Today, many popular AI models are built on Transformer-based architectures.
Training: How AI Learns
Before AI can answer questions, it needs to learn.
This learning process is called training.
During training, the model is shown massive amounts of text from books, articles, websites, and other publicly available or licensed data sources.
The model repeatedly performs a simple task:
Predict the next token.
For example,
The sky is ______
It predicts:
blue
If the prediction is wrong, the model adjusts millions (or even billions) of internal parameters to improve.
This process happens billions of times.
Over time, the model becomes better at recognizing language patterns, grammar, reasoning, and relationships between ideas.
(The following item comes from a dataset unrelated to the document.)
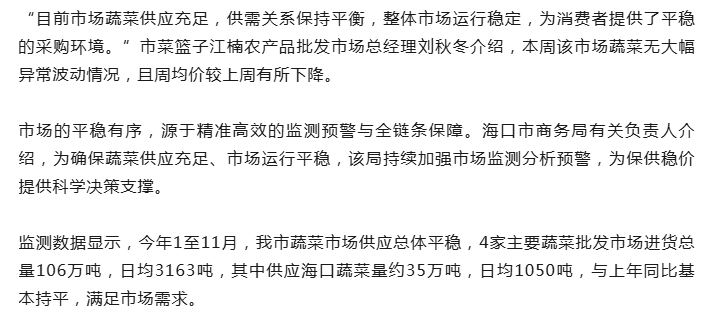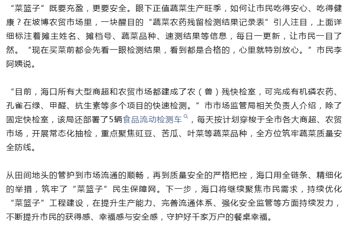 【海口日报】海口多管齐下拎稳“菜篮子” 护好“盘中餐”
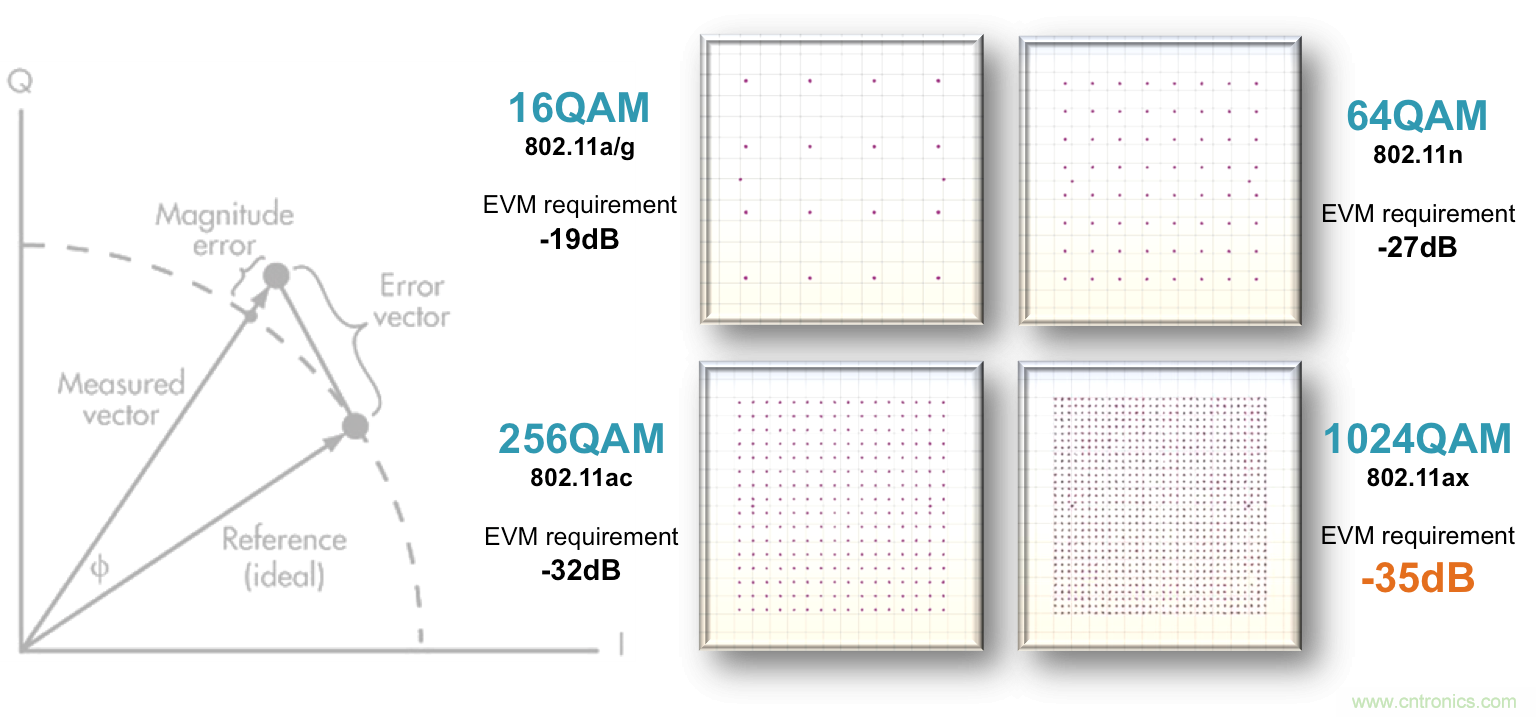 圖4. 不同調(diào)制階數(shù)的EVM指標要求

Training is computationally expensive and can take weeks or even months on thousands of powerful GPUs.
Labeling: Teaching AI with Correct Answers
Not all training data is automatically useful.
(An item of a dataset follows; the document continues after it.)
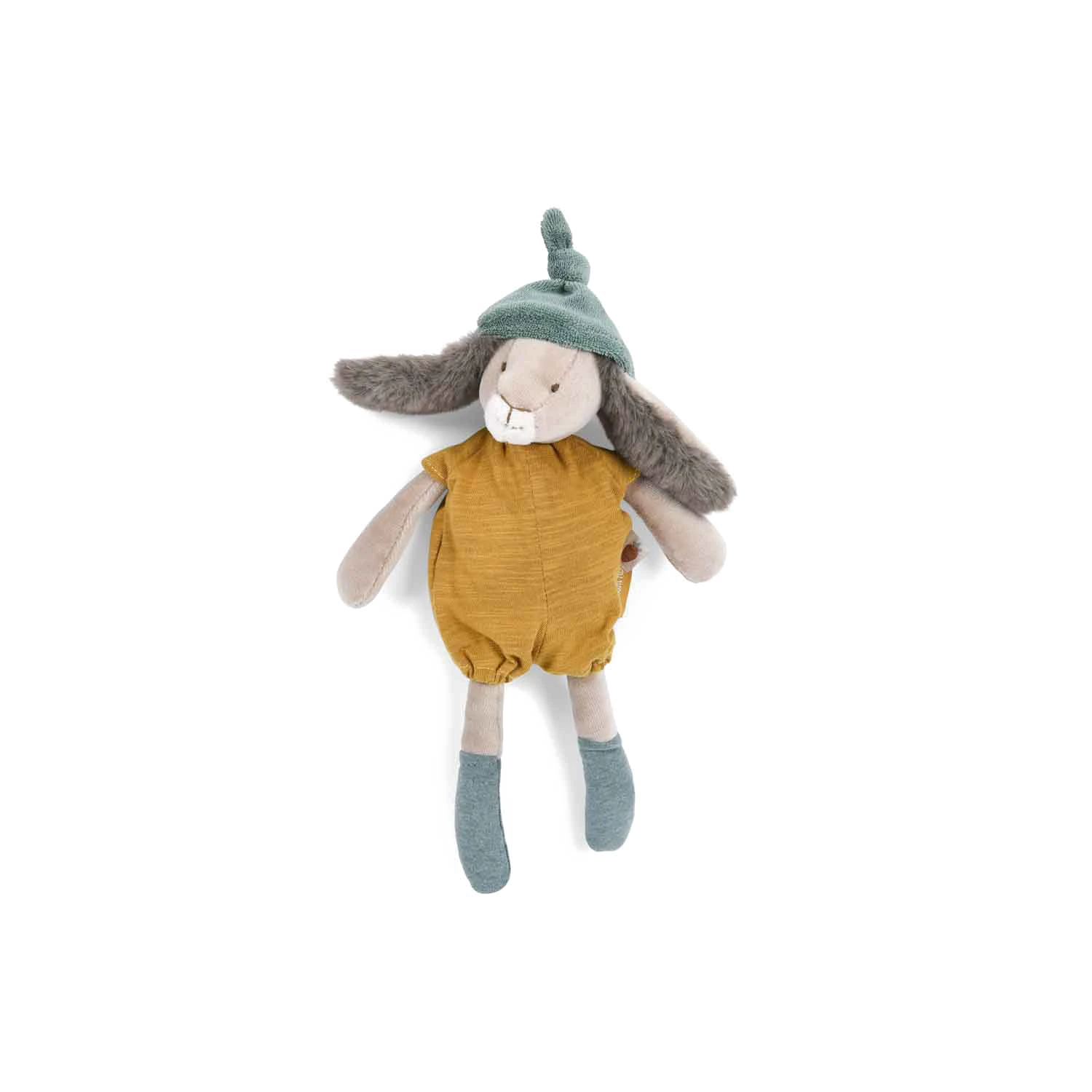 Petit lapin en velours éponge, vêtu de sa barboteuse ocre en jersey flammé. Avec son pompon au bout du bonnet, ses grandes oreilles toutes douces et ses longues pattes, ce compagnon apaisant et rassurant est facile attraper;
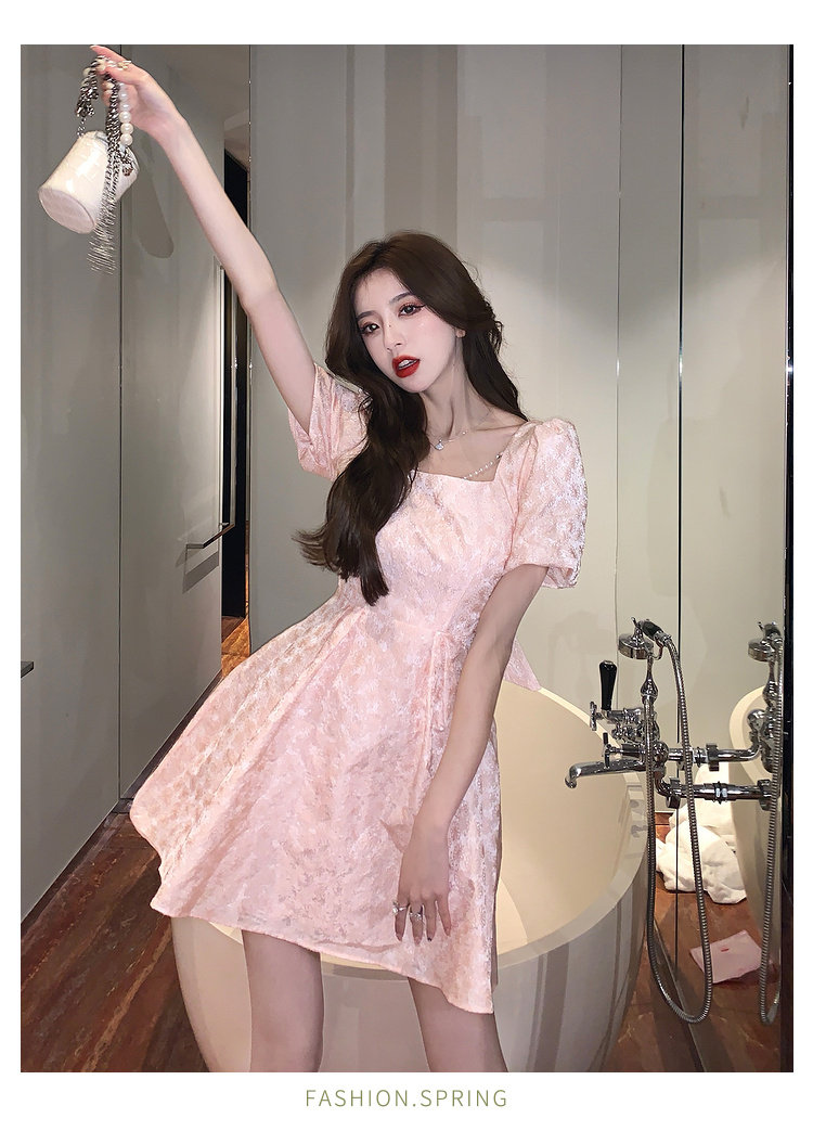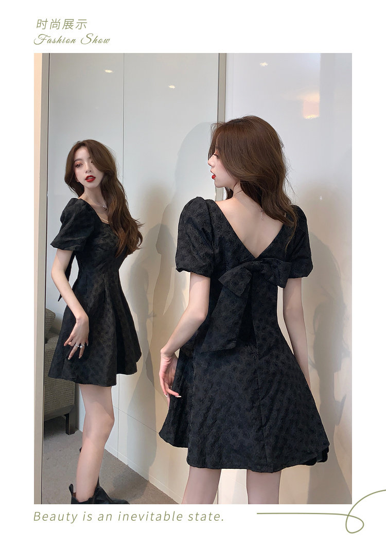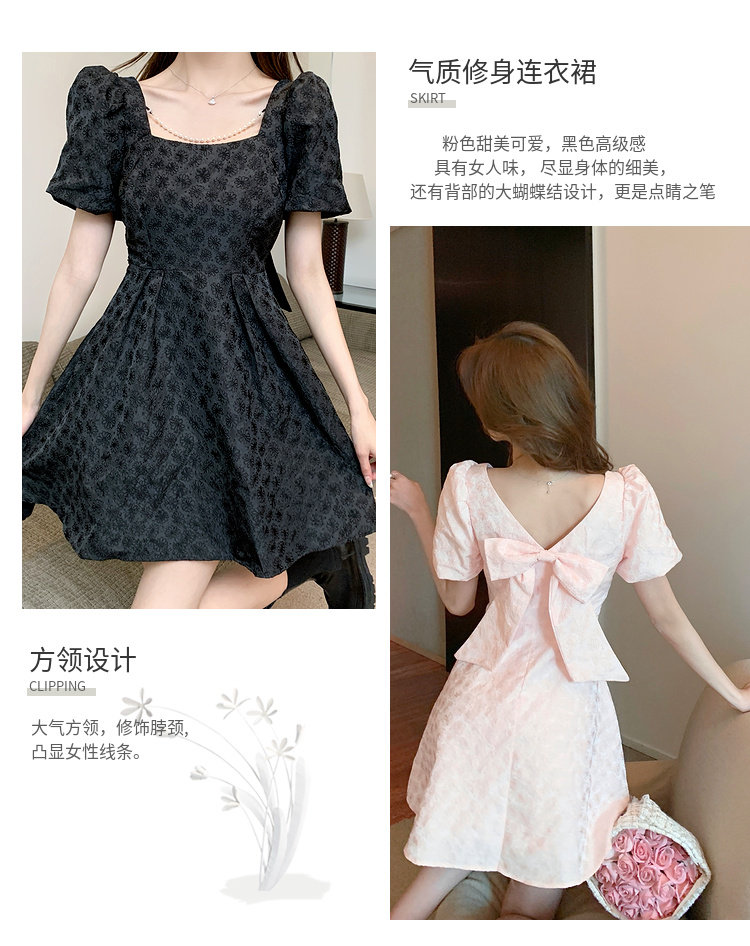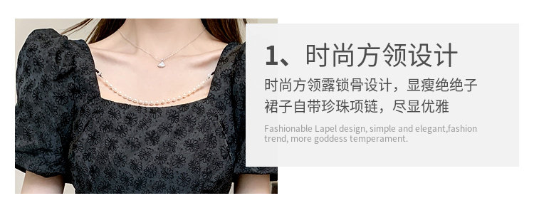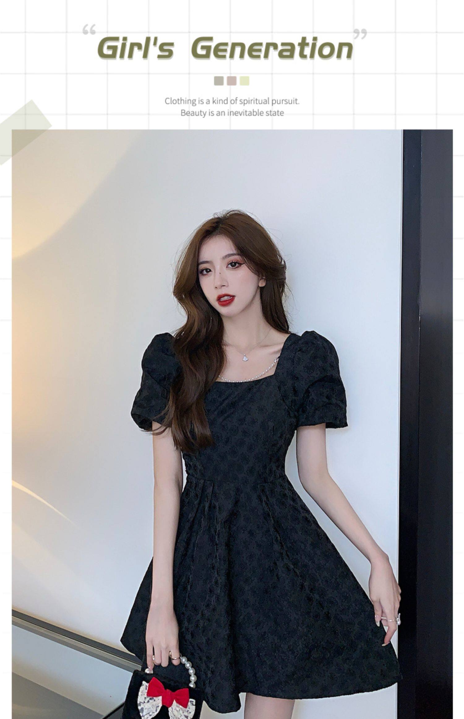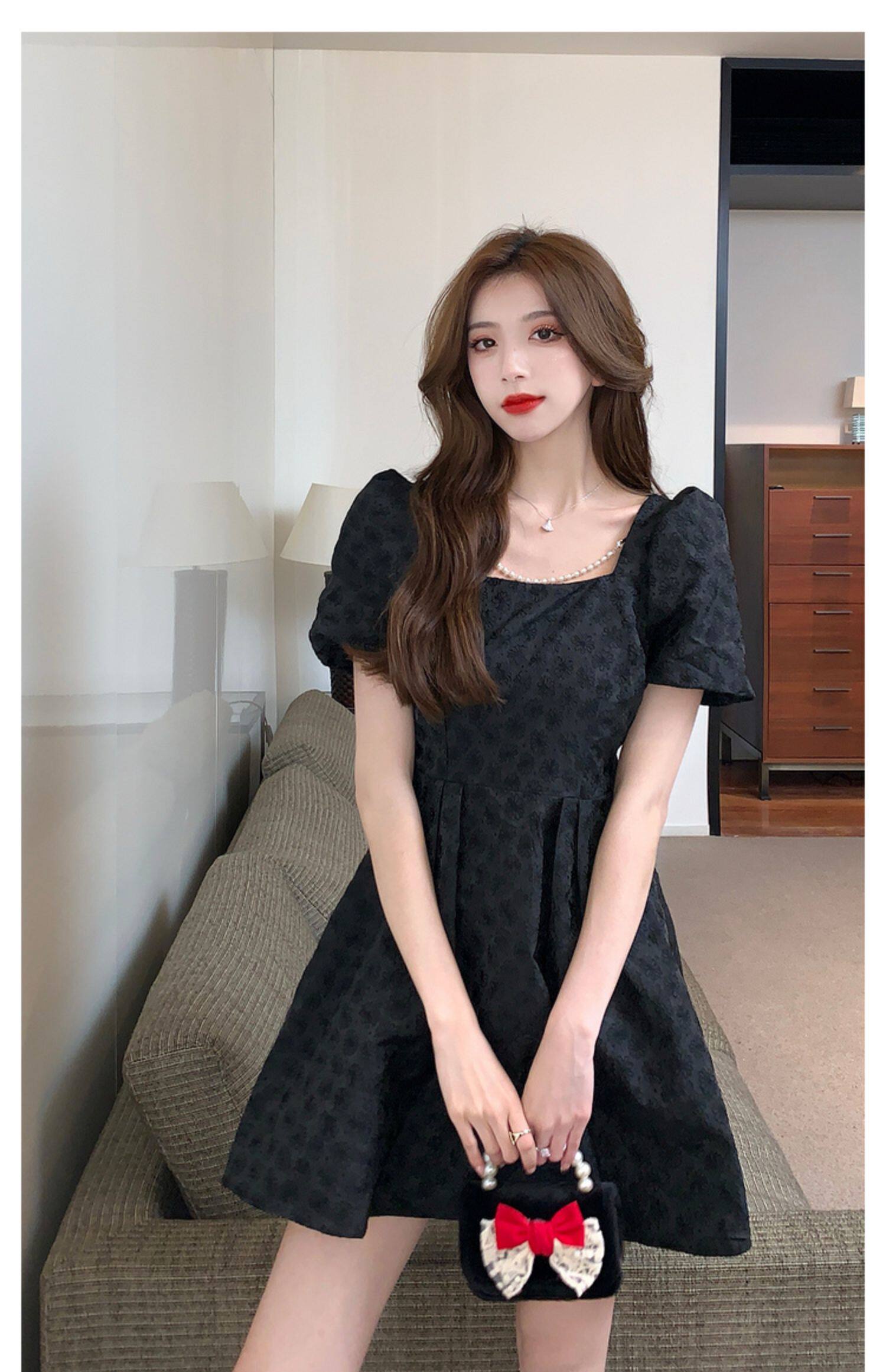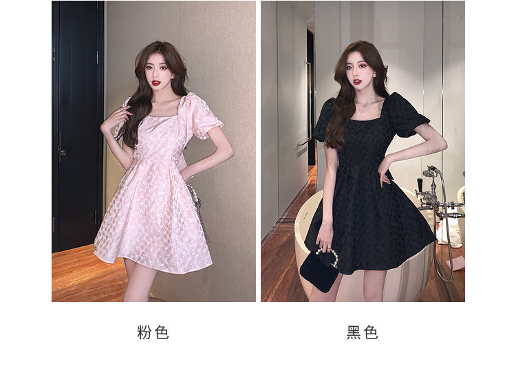 RM8860#夏季网红新款复古方领泡泡袖小黑裙设计感高腰显瘦

Sometimes humans help by labeling data.
For example,
Question:
What is 2 + 2?
Correct Answer:
4
Or,
Email:
"Congratulations! You won ₹10,00,000."
Label:
Spam
These labels teach the model what the correct output should be.
For chatbots, human reviewers may also compare multiple responses and indicate which one is more helpful, accurate, or safer. This feedback helps improve the model's behavior during later stages of training.
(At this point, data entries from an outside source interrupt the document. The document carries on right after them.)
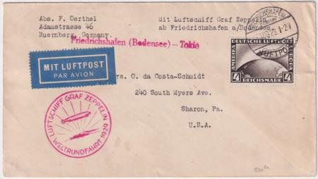 • Germany 1929 First Round the World Flight Cover with C37 to Japan
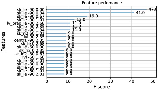 Top 20 feature importance for a 2020 Hz carrier frequency. ”F score” value indicates how many times the feature was used to split the data across all trees. In total, the model comprises 200 trees.
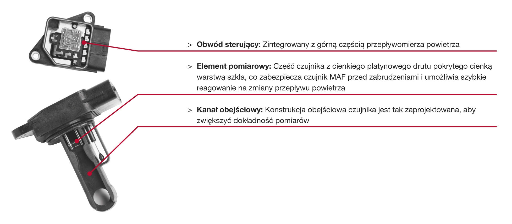 Część powietrza wlotowego z filtra powietrza jest kierowana do obszaru pomiarowego, gdzie mierzona jest masa powietrza dolotowego. Czujnik MAF typu hot wire reaguje na zmiany temperatury w elemencie grzejnym. Zmiany wartości oporności i natężenia prądu w elemencie grzejnym przepływomierza są przetwarzane na proporcjonalne napięcie w obwodzie sterowania, a następnie przesyłane do ECU w celu obliczenia masy powietrza dolotowego silnika.
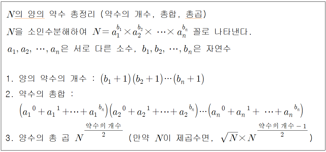 중학교 1학년때 배운 약수의 개수 문제가
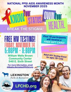 Join us for Know Your Status, Own Your Health, an adult HIV testing event for ages 18 and older
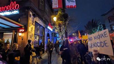 我们呼吁加拿大政府谴责以色列政府正在进行的种族灭绝,并要求监督联合国决议的执行情况,尊重巴勒斯坦人民的生存权。
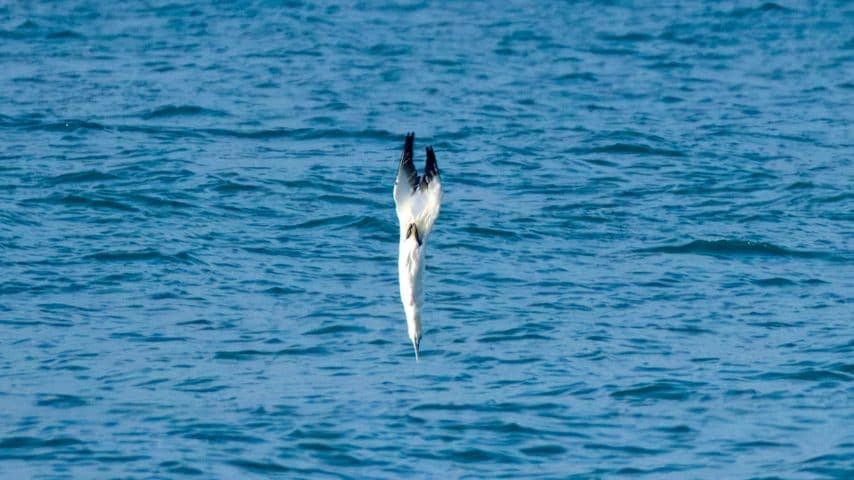 Ma se si sa dove cercarle, con un pizzico di pazienza e fortuna si può assistere a uno degli spettacoli della natura più affascinanti: la loro tecnica di pesca. Le sule, infatti, scrutano sotto la superficie dell'acqua alla ricerca di pesci da decine di metri di altezza, grazie alla vista acuta; quando li individuano fanno una virata verso il basso, stringono le ali al corpo e assumono una posizione a freccia, quanto più aerodinamica e idrodinamica possibile. Potete vederla nella foto qui di seguito. Non c'è da stupirsi che abbia ispirato il design e la progettazione di alcuni caccia militari, come l'F-111 e l'F-15.

Inference: When You Chat with AI
Once training is complete, the model is ready to answer users.
This stage is called inference.
Here's what happens when you ask a question:
Your text is tokenized.
Tokens are converted into embeddings.
Positional information is added.
Self-attention analyzes relationships between tokens.
The model predicts the next token.
It repeats this process one token at a time until the response is complete.
Interestingly, the model isn't thinking several paragraphs ahead. It simply keeps predicting the most likely next token based on everything generated so far.
Putting It All Together
Let's see the complete journey.
You type a question
↓
Tokenization
↓
Tokens
↓
Embeddings
↓
Positional Encoding
↓
Self-Attention inside the Transformer
↓
Next Token Prediction
↓
Output Tokens
↓
Final Answer
Every response from an LLM follows this basic pipeline.
Final Thoughts
Before learning about Generative AI, I thought AI somehow "understood" language the way humans do. Now I realize it's a beautifully engineered system built from several simple ideas working together.
It starts by breaking text into tokens, converts those tokens into meaningful numerical representations, understands their positions and relationships using self-attention, and finally predicts the next token—again and again—until a complete response is formed.
Of course, this article simplifies many complex mathematical concepts. Topics like attention scores, query-key-value vectors, neural network layers, backpropagation, and optimization deserve their own deep dives.
But if you're just beginning your journey into Generative AI, understanding these building blocks is a great first step.
I'm excited to keep learning and share more as I explore this fascinating field.
References
Attention Is All You Need by Ashish Vaswani and colleagues.